▶ Exercise:
What is needed is an exact copy of the lines in the entries below from the one holding "Arch of 200" through the one holding "schema.table和schema.column。 - 将鼠标悬停在单个更改上时显示的", pictures excluded.

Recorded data

::::

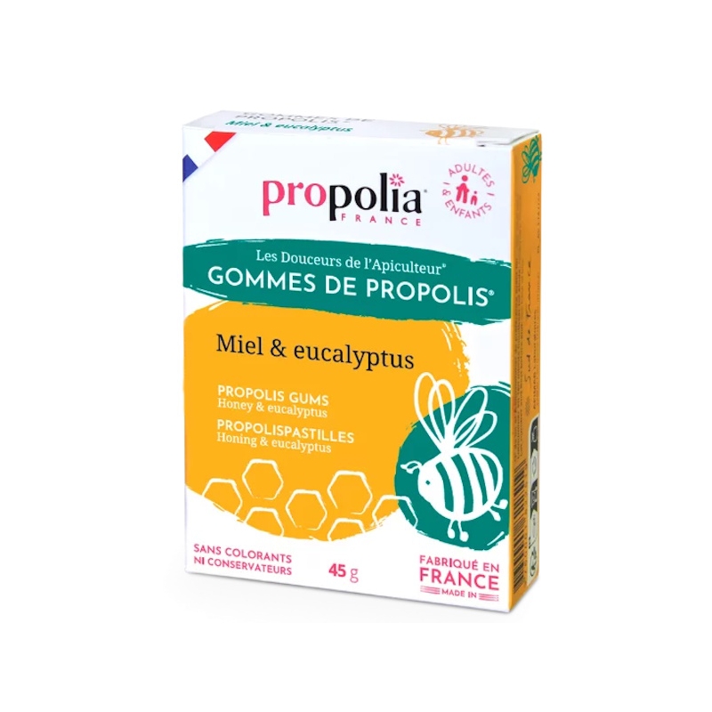 Pour votre bouche (et votre gorge) et avoir la santé des voies respiratoires (eucalyptus) et l'adoucissement des muqueuses (miel), on vous propose tout naturellement, Propolia Gommes de Propolis Miel Eucalyptus sachet de 45gr, pour des actifs comme la gomme arabique, le Sucre roux, le Miel, l'Extrait de Propolis purifiée, l'Huile Essentielle d'Eucalyptus (Eucalyptus globulus), les arômes naturels de Menthe et de Menthol (Traces de Cire de Carnauba et d'Amidon de Maïs).
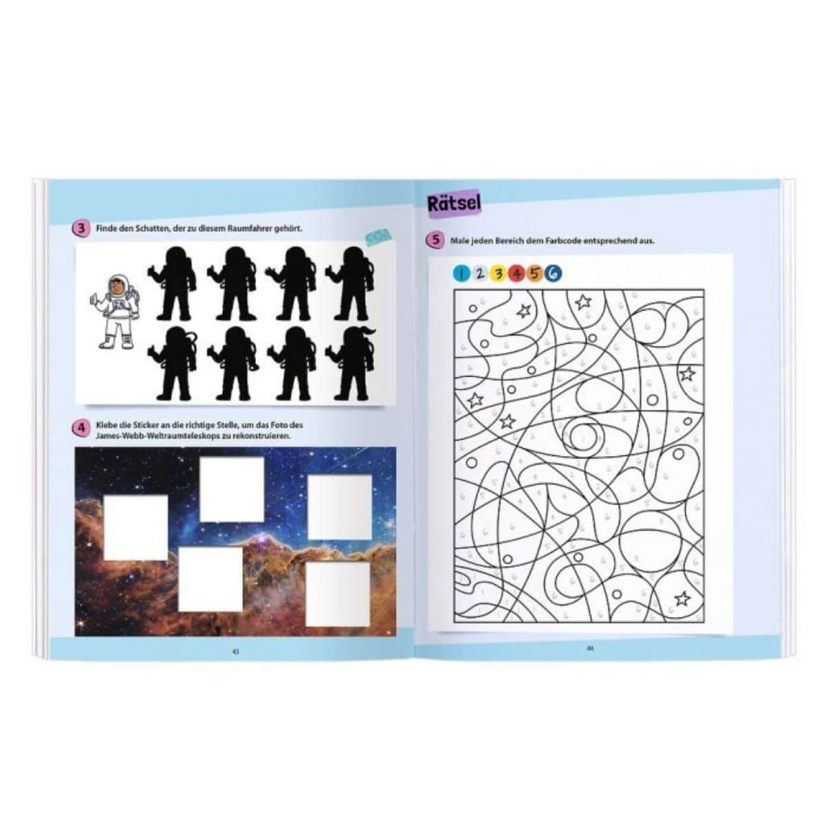 - Spannende Rätsel, Labyrinthe und Suchbilder, die das Wissen über den Sternenhimmel vertiefen
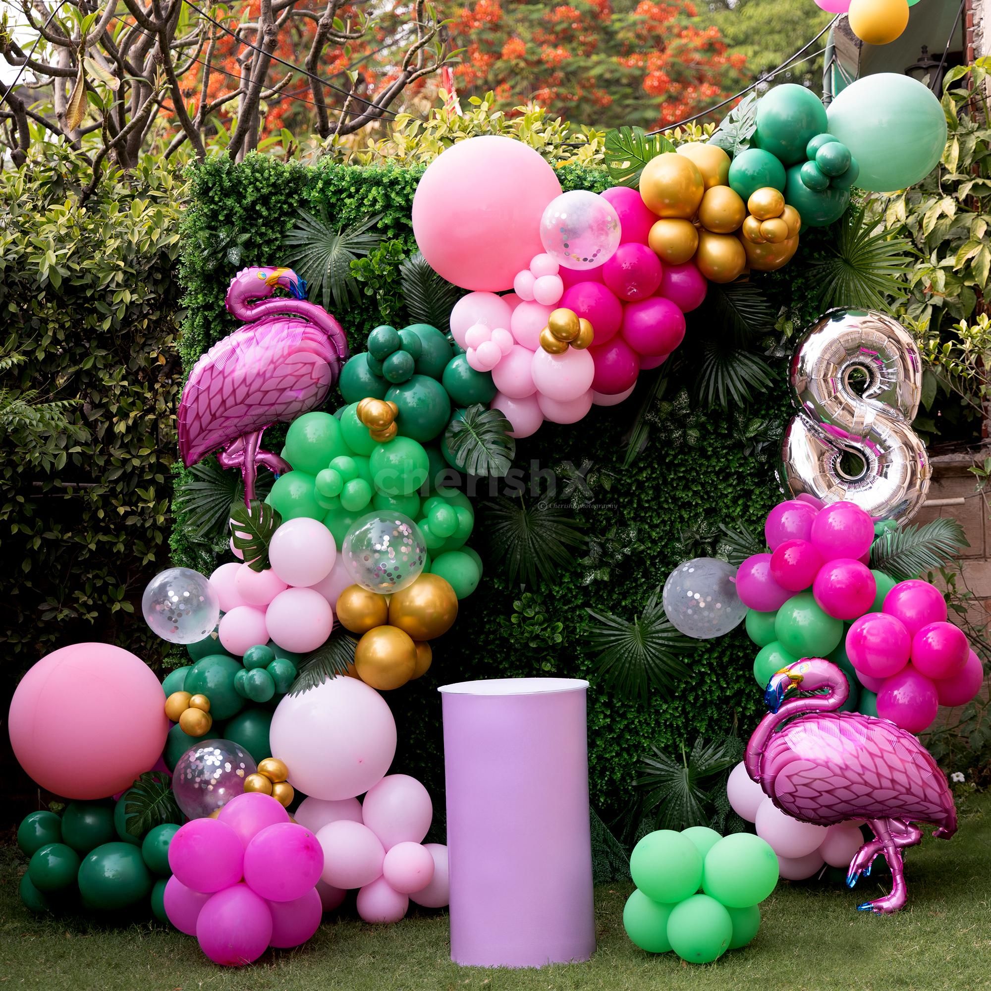 Arch of 200 Balloons, Light Green Latex, Dark Green inside Black, Pastel Pink, Golden Chrome and Magenta Double Balloons
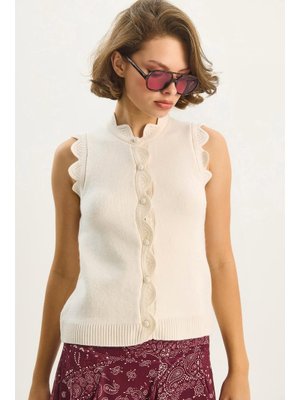Bianco Lucci Krem Dantel Örgü Desenli Kaplama Düğmeli Triko Yelek
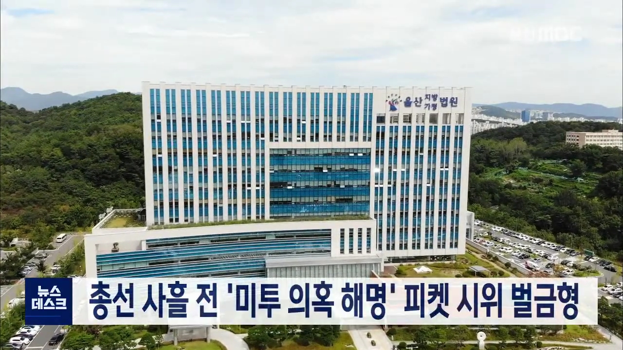 울산지법 형사12부는 선거에 영향을 미치려는 의도로 특정 후보자의 미투 의혹 해명을 요구하는 피켓 시위를 한 혐의로 기소된48살 A씨에게 벌금 50만원을 선고했습니다.A씨는 4.15 총선 사흘 전인올해 4월 12일 오전 10시 30분쯤울산의 한 대형마트 앞에서 `성폭행 의혹 당사자가 국회의원 자격이 있는가'라는 내용이 적힌...
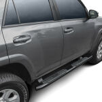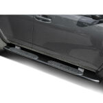 PRO TRAXX 4 Oval Nerf Step Bars with a black powder coat finish are made from e-coated steel and come with a 3 year warranty:
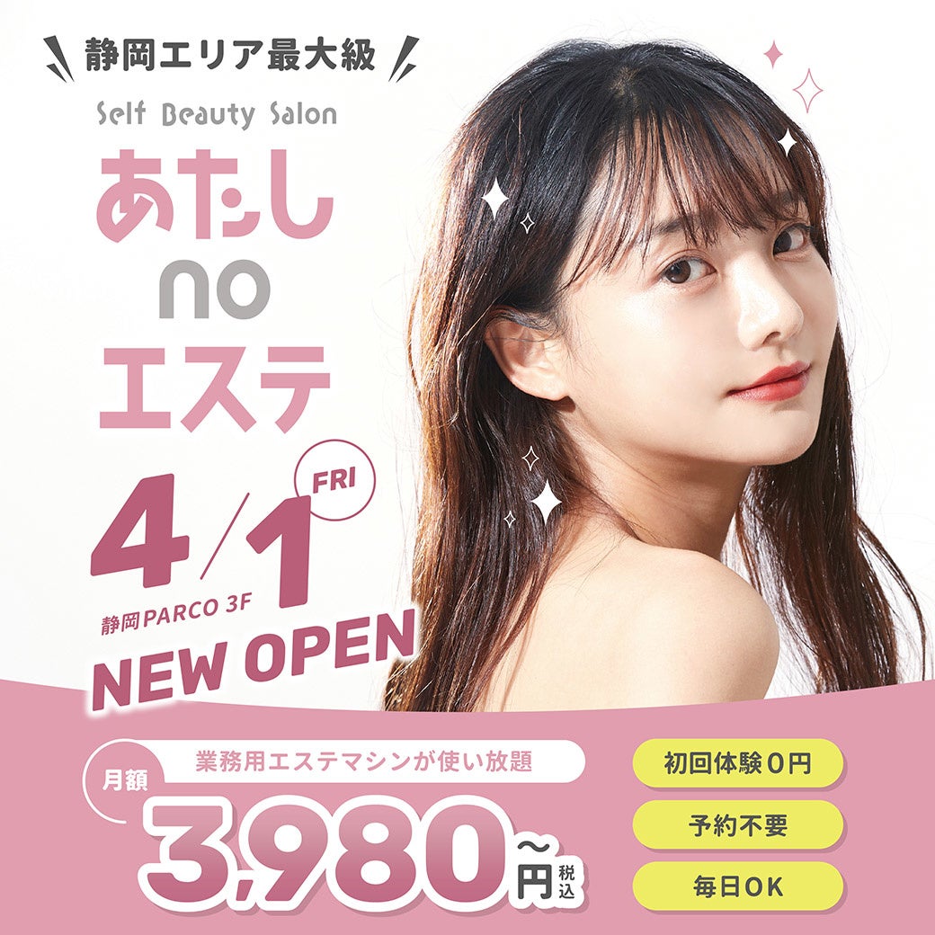 4/1(金) 静岡PARCO 3Fに、”静岡エリア最大級” の定額制セルフビューティーサロン「あたしnoエステ」がオープンいたします。
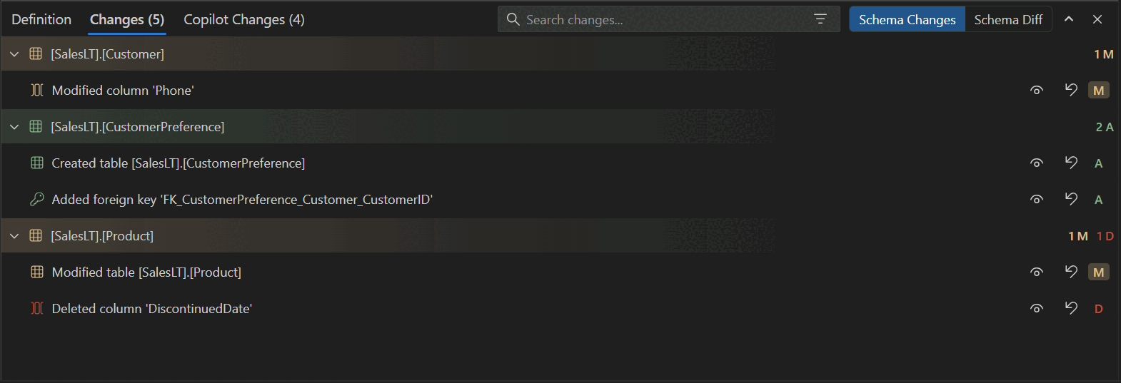 schema.table和schema.column。 - 将鼠标悬停在单个更改上时显示的 “撤消 ”选项。
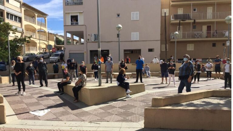 Un grupo de padres del Arenal de Llucmajor ha llevado a cabo un acto de protesta por la por decisión de Salut de concentrar a todos los casos que requieren aislamiento por Covid 19 en un hotel en pleno centro de la localidad. 970
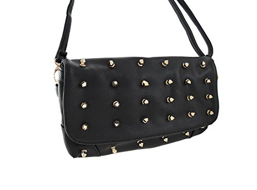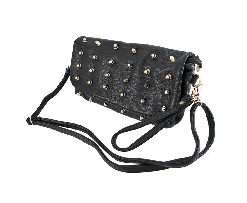 -. Title : Black Convertible Shoulder Bag / Clutch Purse with Golden Spikes

::::

▶ Solution to the exercise:
 Arch of 200 Balloons, Light Green Latex, Dark Green inside Black, Pastel Pink, Golden Chrome and Magenta Double Balloons
Bianco Lucci Krem Dantel Örgü Desenli Kaplama Düğmeli Triko Yelek
 울산지법 형사12부는 선거에 영향을 미치려는 의도로 특정 후보자의 미투 의혹 해명을 요구하는 피켓 시위를 한 혐의로 기소된48살 A씨에게 벌금 50만원을 선고했습니다.A씨는 4.15 총선 사흘 전인올해 4월 12일 오전 10시 30분쯤울산의 한 대형마트 앞에서 `성폭행 의혹 당사자가 국회의원 자격이 있는가'라는 내용이 적힌...
 PRO TRAXX 4 Oval Nerf Step Bars with a black powder coat finish are made from e-coated steel and come with a 3 year warranty:
 4/1(金) 静岡PARCO 3Fに、”静岡エリア最大級” の定額制セルフビューティーサロン「あたしnoエステ」がオープンいたします。
 schema.table和schema.column。 - 将鼠标悬停在单个更改上时显示的 “撤消 ”选项。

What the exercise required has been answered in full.